#### Required action
Restate, exactly as written, the entries below from the line that holds "融资方面,当日融资买入325" through the line that holds "Cuscino per allattamento". Pictures are not part of the copy.

#### Task material
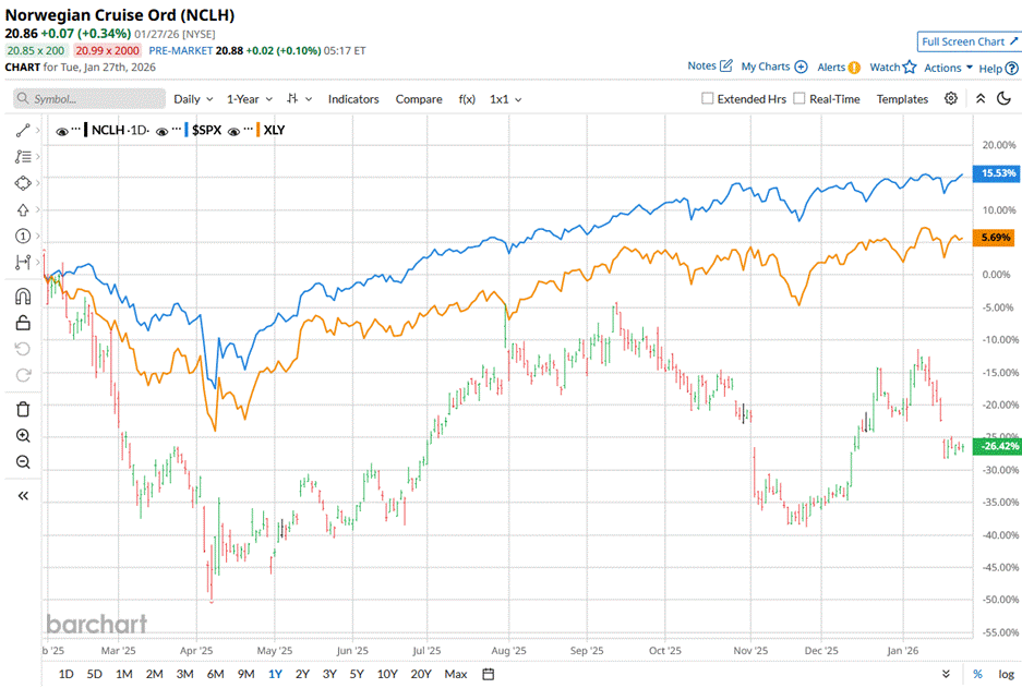 NCLH stock has lagged behind the broader market over the past year and in 2026. NCLH stock has declined 21% over the past 52 weeks and has fallen 6.5% on a year-to-date (YTD) basis. In comparison, the S&P 500 Index ($SPX) has returned 16.1% over the past year and rose 1.9% in 2026.
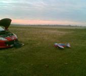 Послушался добрых синоптиков, ветер утром 3 м/сек., хорошо что поехал с планером, ему ветер ни почём. Но лишние взлёт-посадки делать не стал, слетал один полёт, можно было ещё летать, но замёрз, ветер был порывами наверное больше 10-ки.
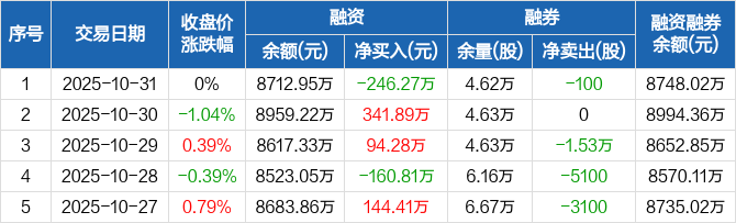 融资方面,当日融资买入325.55万元,融资偿还571.82万元,融资净偿还246.27万元。融券方面,融券卖出0股,融券偿还100股,融券余量4.62万股,融券余额35.07万元。融资融券余额合计8748.02万元。
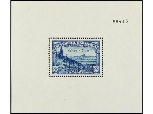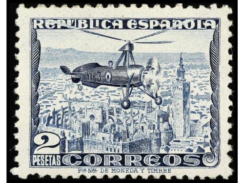 ** ESPAÑA. Ed. 760. HB. Áereo + 5 pts. azul. LUJO. MUY RARA sin fijasellos y en esta excepcional calidad. Cert. CEM. Cat. 6.500€.
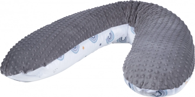 Cuscino per allattamento BUBABA Arcobaleno grigio è un aiuto ideale per ogni mamma, offrendo comfort e supporto durante la gravidanza e l'allattamento. È dotato di morbida imbottitura e fodera lavabile, rendendolo facile da mantenere e igienico.
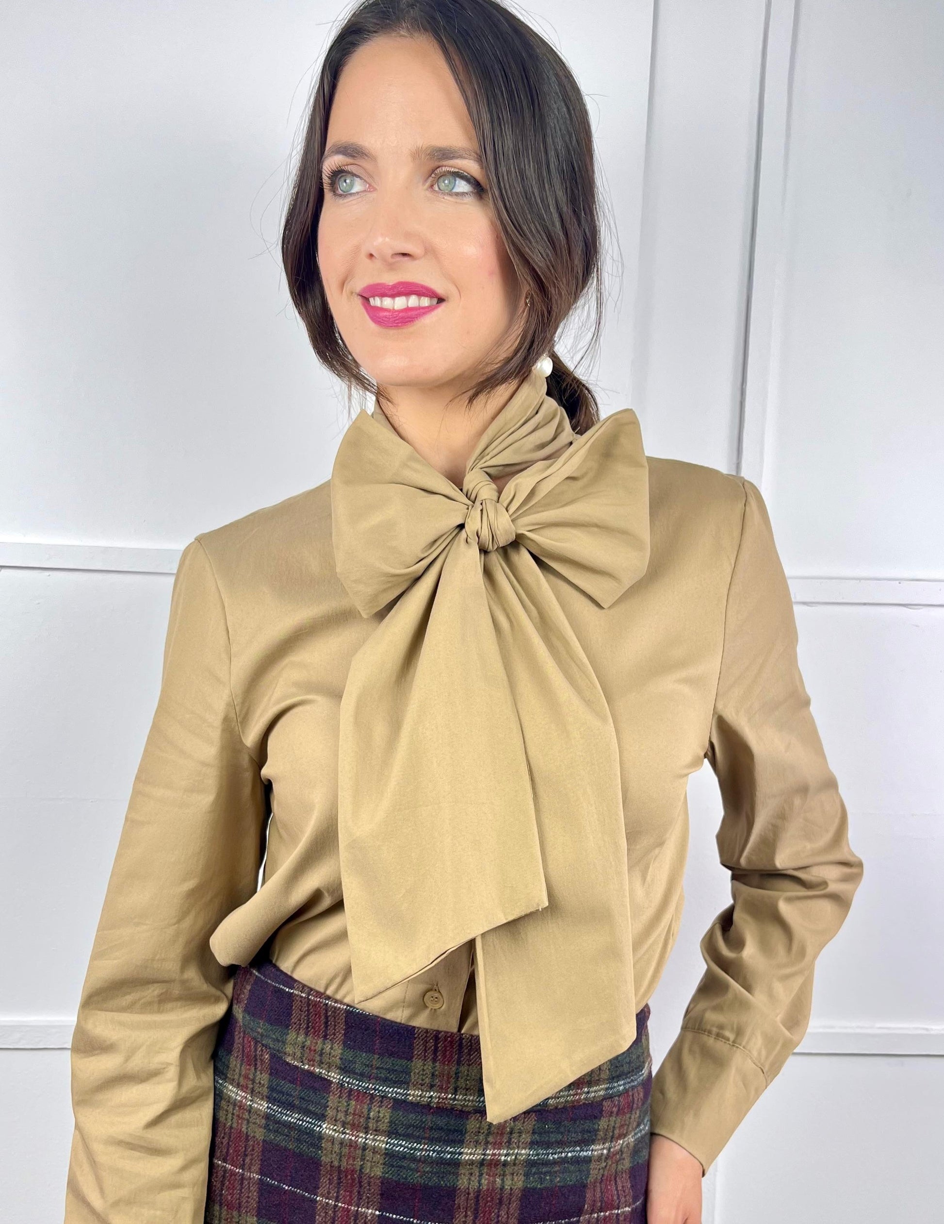 Puedes darle el toque chic y de pura tendencia con cuello lazo XL pero también dejarla sin lazo, con botones abiertos o cerrados, como sea tu estilo, ya que la lazada del cuello es independiente de la camisa y puedes ponerla o no.
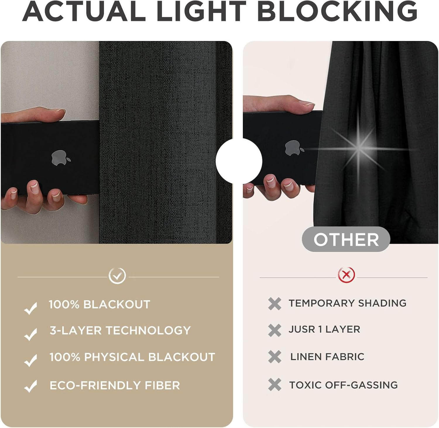Joydeco 100% Blackout Curtains for Bedroom - Natural Linen Curtains 37" W x 96" L, Thermal Insulated 2 Panels Black Light Blocking Drapes, Rod Pocket & Back Tabs
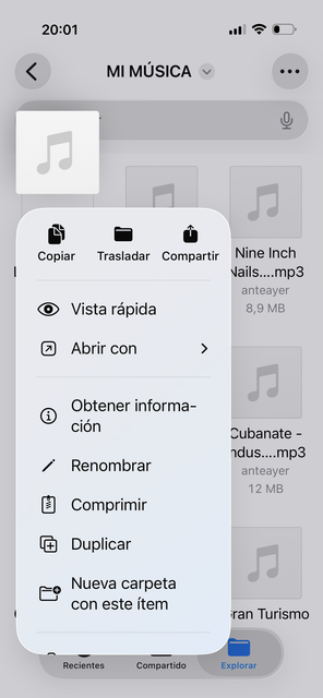 Bueno dos peros Lo de más presión con el dedo…no veo diferencias Sólo detecta que has mantenido pulsado Y ahora voy a subir un pequeño clip respecto a lo de cortar y pegar, porque en la memoria interna parece que Sí funciona y “traslada”, pero a una memoria externa sólo copia, no traslada ![]() "Haptic Touch en iPhone es una función de software que utiliza una pulsación prolongada para activar acciones, en lugar de la presión física del 3D Touch. Funciona tocando y manteniendo pulsado un elemento para obtener una vista previa o acceder a menús contextuales, recibiendo una respuesta háptica (una vibración) para confirmar la acción. Se introdujo en el iPhone XR para sustituir al 3D Touch y se puede configurar en Ajustes > Accesibilidad > Tocar. ¿Qué es Haptic Touch? Sustituto del 3D Touch: Es la tecnología que Apple introdujo en el iPhone XR para reemplazar el 3D Touch, que dependía de la presión física de la pantalla. Basado en el tiempo: En lugar de aplicar más fuerza, Haptic Touch reacciona a cuánto tiempo mantienes presionado un elemento en la pantalla. Lo de la memoria externa ni idea, no suelo conectar ningún almacenamiento externo al iphone, los 256GB me llegan y para copia de seguridad uso icloud, tengo 200GB que me llegan de sobra para las 40 y pico GB de fotos acumuladas con los años y para las copias de seguridad de todos mis dispositivos, a parte de tener acceso a las fotos desde todos los dispositivos si quiero tener acceso a más documentos desde todos los dispositivos lo meto en icloud drive. son 200GB por 2,99€ al mes, ni dos cafés... me merece la pena. |
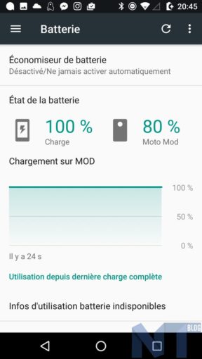Bien que celui-ci ait réussi à tenir une journée avec une utilisation « standard », c’est-à-dire en n’étant pas constamment dessus, il est très loin des 30 heures que Motorola mentionne en usage mixte. Dans la plupart des cas, je suis arrivé à 0 % en 24 heures.
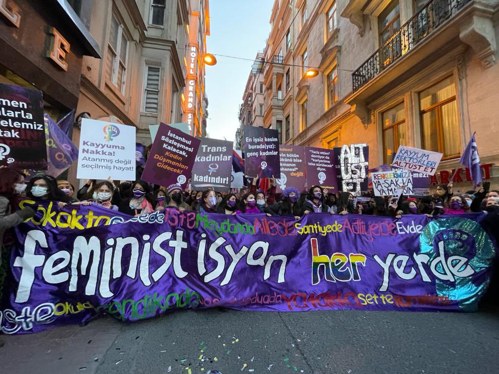 8 Mart’ta Taksim’de gerçekleştirilen 19. Feminist Gece Yürüyüşü’ne katılan kadınlara yönelik polis operasyonları gerçekleştiriliyor. Gözaltı gerekçesinin eylem esnasında atılan “Tayyip kaç kadınlar geliyor” ve “Zıpla zıpla, zıplamayan Tayyip’tir” sloganı olduğu, gözaltına alınan kadınlar “Cumhurbaşkanı’na hakaret”le suçlandığı belirtiliyor.
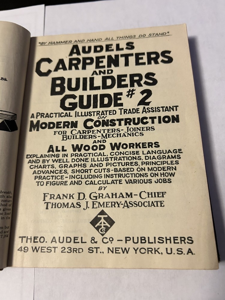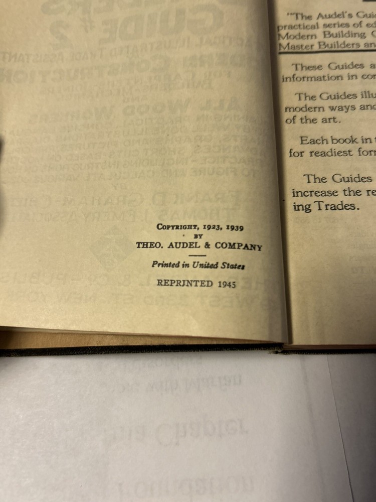 Audels Carpenters and Builders Guide #2, 1945, Leather bound Used

#### Solution for this exercise
 融资方面,当日融资买入325.55万元,融资偿还571.82万元,融资净偿还246.27万元。融券方面,融券卖出0股,融券偿还100股,融券余量4.62万股,融券余额35.07万元。融资融券余额合计8748.02万元。
 ** ESPAÑA. Ed. 760. HB. Áereo + 5 pts. azul. LUJO. MUY RARA sin fijasellos y en esta excepcional calidad. Cert. CEM. Cat. 6.500€.
 Cuscino per allattamento BUBABA Arcobaleno grigio è un aiuto ideale per ogni mamma, offrendo comfort e supporto durante la gravidanza e l'allattamento. È dotato di morbida imbottitura e fodera lavabile, rendendolo facile da mantenere e igienico.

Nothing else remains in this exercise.